RECOVERY investigators say the preliminary data from the trial suggest that the drug, REGEN-COV, would best be used only on non-antibody producing, or seronegative, hospitalized people. But that requires determining someone’s status ahead of time with antibody testing, a technology that is widely available in developed nations, but less so elsewhere.

The RECOVERY trial has been going on since March 2020, and has tested multiple drugs, including antivirals, anti-inflammatories, and even an antibiotic for their ability to quell COVID-19. The first results were about dexamethasone, a steroid. The inexpensive drug was shown to reduce deaths by up to 33% in people who were hospitalized and on ventilators. It immediately became part of the standard treatment for the disease in many parts of the world.

The trial also found that the anti-inflammatory antibody toculizumab reduced death in the sickest COVID-19 patients. In contrast, trial investigators reported that hydroxychloroquine, hyped by US President Donald J. Trump and others, was ineffective.

The RECOVERY trial is likely the largest clinical trial ever conducted: more than 40,000 people have participated at hospitals in the UK and Asia.

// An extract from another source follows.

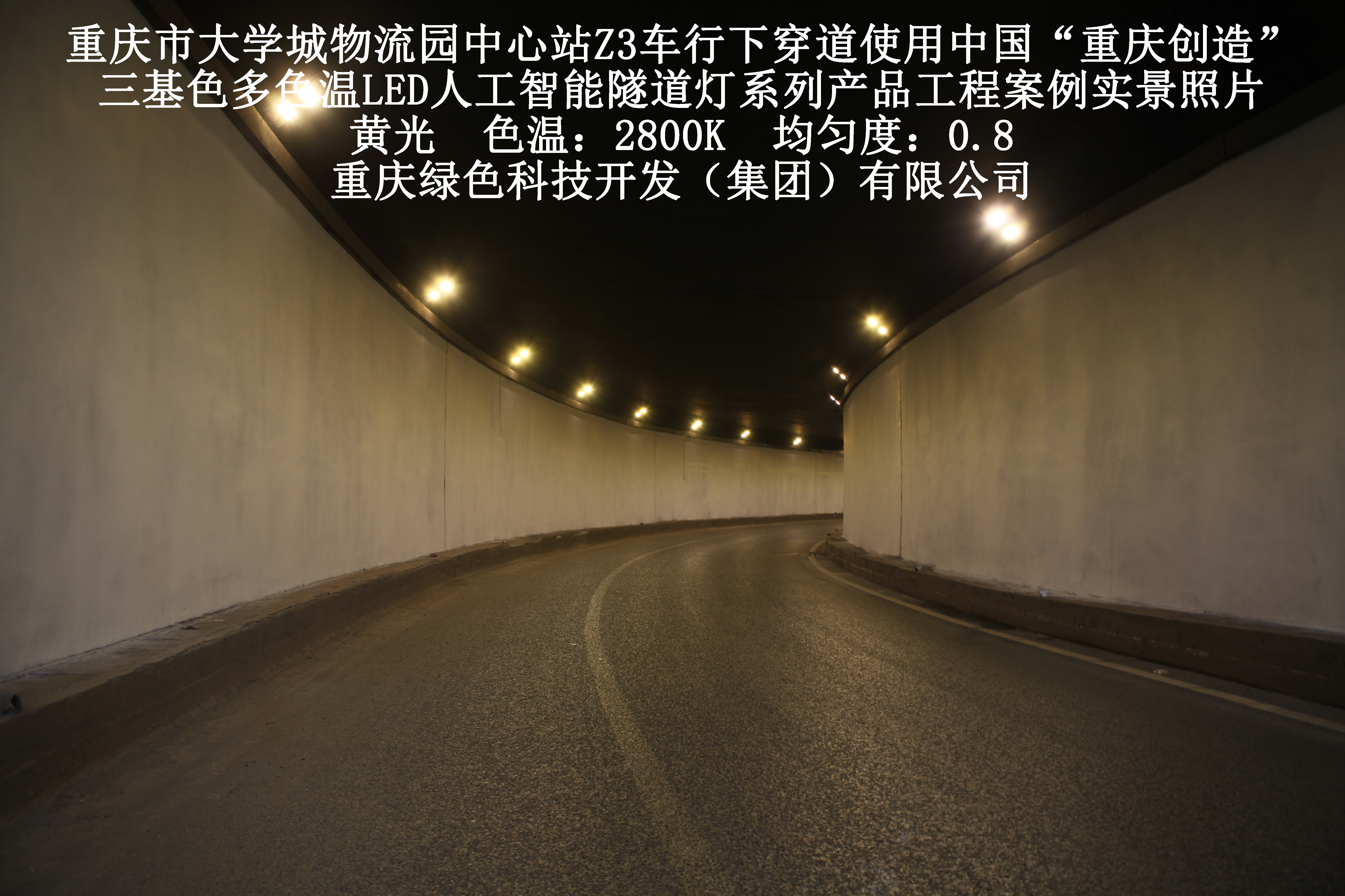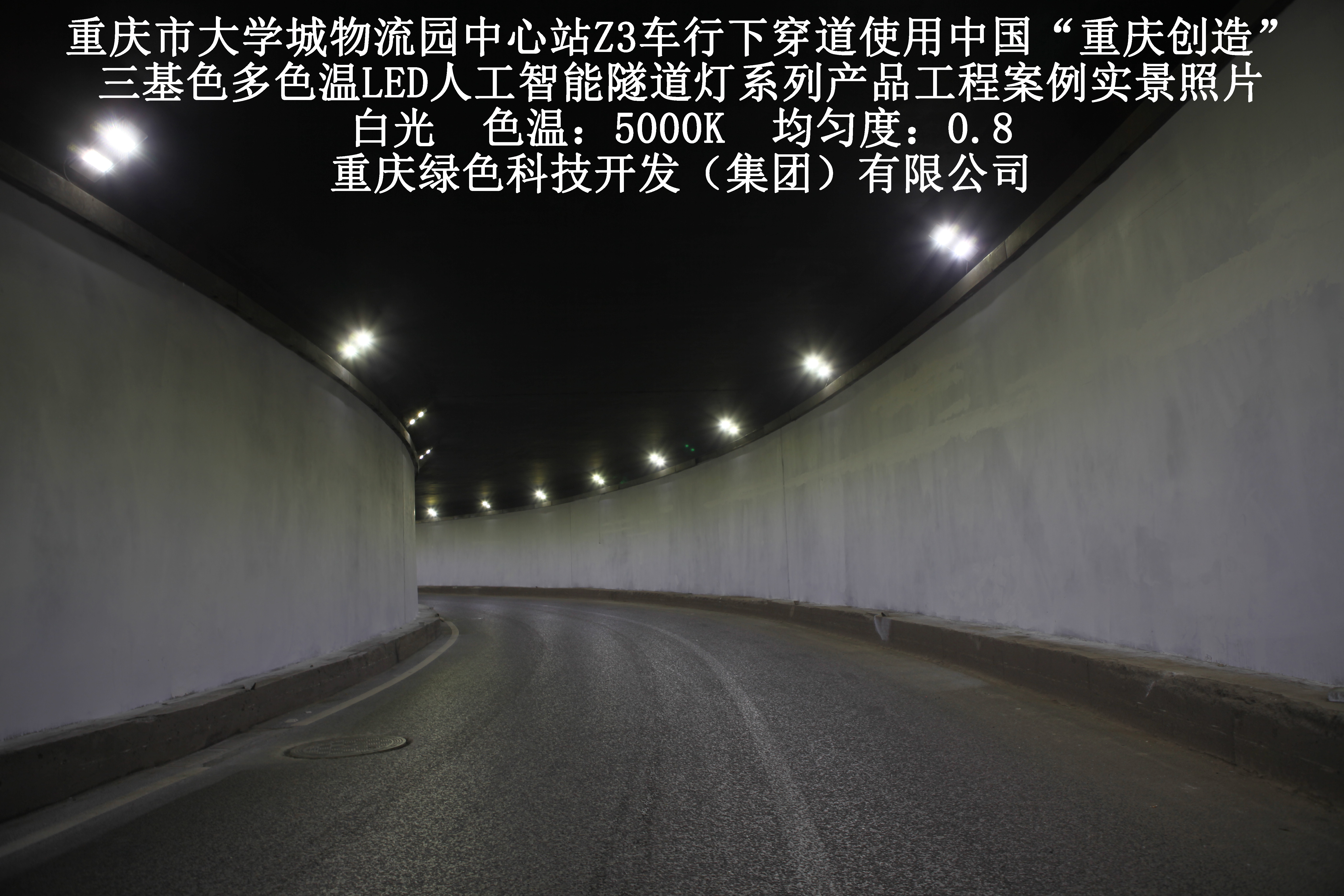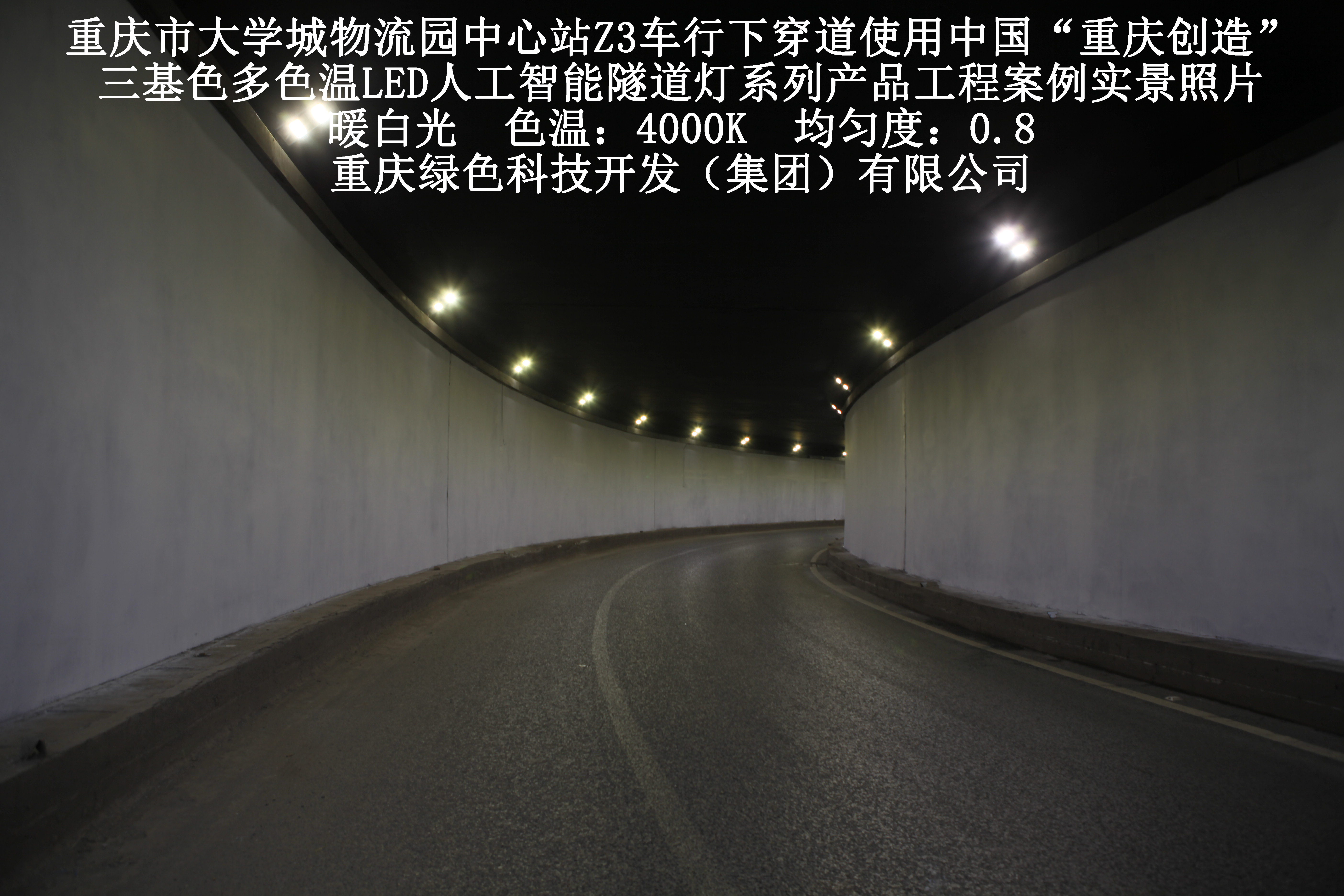 重慶市大學(xué)城物流園中心站Z3車行下穿道使用我司研造三基色多色溫LED人工智能隧道燈產(chǎn)品案例

For this part of the trial, 1,633 people with no detectable antibodies received REGEN-COV on top of standard COVID-19 care, and 1,520 people received standard COVID-19 care alone.

It’s not clear why some people don’t mount a strong antibody response to the virus on their own, says Shi, who was formerly a pharmaceutical industry scientist. Some people may be immunosuppressed, and others may just be slow to mount that part of the immune response. But other aspects of the immune system are likely working in some of the people in the study who were seronegative—including the overactive inflammatory response in the lungs that tends to land people in the hospital.

“That’s something we need to dive into further,” Shi says.

REGEN-COV is a mix of two engineered monoclonal antibodies, casirivimab and imdevimab, that stick to different places on the SARS-CoV-2 spike protein. The spike protein is how the virus gets into human cells. The antibodies block the virus from infecting new cells, allowing the natural immune response to tackle, among other things, cells that were infected before treatment.

Regeneron is not the only company making antibodies for COVID-19 treatment. Eli Lilly and Company has an EUA for its dual-antibody treatment bamlanivimab and etesivimab, but it recently lost its EUA for bamlanivimab alone because it doesn’t seem to work against some SARS-CoV-2 variants. Vir Biotechnology, in conjunction with GlaxoSmithKline, recently received an EUA for sotrovimab. Vir has said sotrovimab works against many of the common variants of SARS-CoV-2 responsible for many recent infections worldwide.